What followed is beyond belief. Cathal Crotty’s vicious attack and his subsequent boast on social media reveals his character and his sickness. Time behind bars, therapy, and rehabilitation, might have been a starting point for him, and a starting point only. Cathal Crotty needed the state to pay deep attention to his loss of humanity, his absolute brutality.
The system chose to look the other way, with Judge Tom O’Donnell setting him free, carrying a suspended sentence, and a fine he will pay with ease. The individual deserves protection over the moral standards of society, according to the ruling. We must look the other way rather than pay attention. A custodial sentence was best avoided for the soldier’s heinous crime as ‘it would most likely end his army career,’ the judge argued.
As a member of the armed forces Cathal Crotty was tasked with protecting Irish citizens, but even in his case, the most extreme of cases, his individual interests trumped the common good.
We need more people like Natasha O’Brien. I often hear people complain that young people show no respect these days. This is a criticism of us, not them. Young people need guidance, not just from teachers, and parents, but from strangers on buses and on the street. We ask schools to fix every social ill because it lets the rest of us off the hook. Young people need to be reminded not once, but again and again, what’s acceptable, and what is harmful to us all. Each and every one of us carries that social responsibility. We used to have people like that, people like my lovely bus conductor. Where have they gone? Was Cathal Crotty’s rage partially because he was taken aback by a passerby who had the courage and conviction to question him, pull him back into line?
Another hero, another caretaker who comes to mind this week is Cara Darmody, the teenager from Tipperary, who met the HSE’s chief executive officer Bernard Gloster recently and told him the HSE was “a national disgrace”.

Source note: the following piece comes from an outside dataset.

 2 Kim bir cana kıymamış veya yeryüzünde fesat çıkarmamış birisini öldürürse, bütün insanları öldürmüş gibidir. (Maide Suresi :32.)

Cara is fighting for her autistic brothers, but significantly, she won’t be satisfied with helping only her brothers. She will fight for every other family. Indeed, her family is appalled that the HSE has paid for their assessments, whilst making no effort to pay for the assessments of others, and they suspect it has everything to do with Cara’s campaign. Cara stood outside the Dáil this week with a sign that read: “Taoiseach, please pay for ALL autism assessments and services.” Cara Darmody, like Natasha O’Brien, cares about society. She is a caretaker.
Is it chicken or egg that we are also electing people who promote some people over all people? Yes, we argue that the far right made only small gains in the recent election, but they made gains, nonetheless. The independents are a cause for concern. Their language is cause for concern. It is not the language of caretakers, it is the language of people with an agenda to protect some people, but not all. In a lesser-known case in Waterford this week a woman walked free having attacked a delivery man, calling him “a bloody foreigner” and a “little Paki.” Her tone is identical to some of the people we have now placed in power. We must champion our caretakers, elect only caretakers. We must allow our children to be criticised by people beyond our front door, when they are deserving of criticism. We must stop ignoring animalistic behaviour, whilst shaming the heroes who make their own lives difficult on behalf of others.
I was very lucky to feel protected on my trips home from school as a teenager. I wish I knew his name to thank him. Thank you, Cara Darmody. Thank you, Natasha O’Brien. You have the power to get us marching and fighting again. Well done to every person who turned up to the marches at the weekend. People like Cara Darmody and Natasha O’Brien show us just how brilliant our little county can be.
It says everything that our system continues to work against them.